Photographer: Patrick Dodson
Richard S. Hartunian, U.S. Attorney for the Northern District of New York, walks up the steps of the federal courthouse in Utica this morning for the sentencing of Tim McGinn and David L. Smith.

— Disgraced broker Timothy McGinn was sentenced to 15 years in federal prison this morning in U.S. District Court.

Judge David Hurd cited McGinn's arrogance" as what caused the downfall of his business and ultimately his conviction.

"You ran your business and you really didn't care about the rules as long as you provided for yourself and your preferred clients," he said before meting out his sentence.

McGinn was also ordered $5.9 million in restitution, including $274,000 to the U.S. Internal Revenue Service.
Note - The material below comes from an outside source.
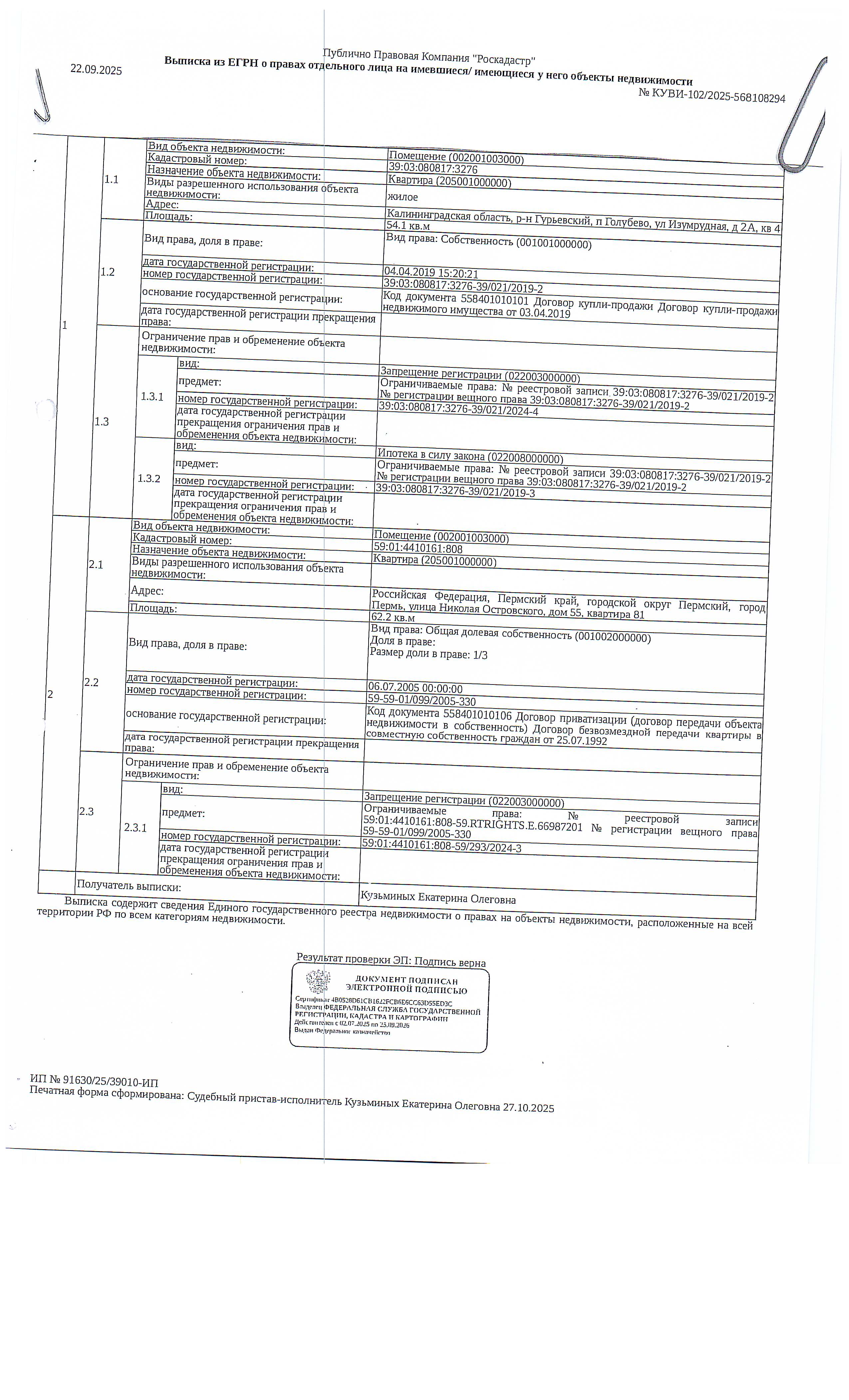 Квартира общей площадью 54,1 кв. м, кадастровый номер 39:03:080817:3276

McGinn, 65, was found guilty of conspiracy to commit mail fraud, guilty of conspiracy to commit mail and wire fraudulent, wire fraud, securities fraud and filing a false tax return -- 27 counts in all --following a 5-week trial ending in February.

His longtime business partner David Smith was found guilty on 15 counts, including many of the same charges. He faces sentencing later this afternoon.

In April 2010, the Financial Industry Regulatory Authority filed a civil complaint accusing Tim McGinn and David L. Smith of selling tens of millions of dollars in unregistered debt offerings and trusts. The same day, the U.S. Securities and Exchange Commission obtained a court order freezing the firm's assets, alleging the partners funneled $136 million raised from roughly 900 investors into their own financially troubled or bankrupt pursuits and for their personal activities.

Speaking in court at the sentencing today was Johnstown attorney Arthur Spring, who said McGinn lost his retirement savings and money for his daughter's wedding. Spring said he has been victimized twice in his life: By a friend who caused the car crash that paralyzed him from the chest down and by McGinn's brokerage.

Another victim in Utica was Robert Pugliese, who said McGinn lost investments that he was using for his sons, who were veterans wounded in Bosnia and Afghanistan. "This money we put aside to help them and their families," Pugliese told the judge. "Our lives have changed."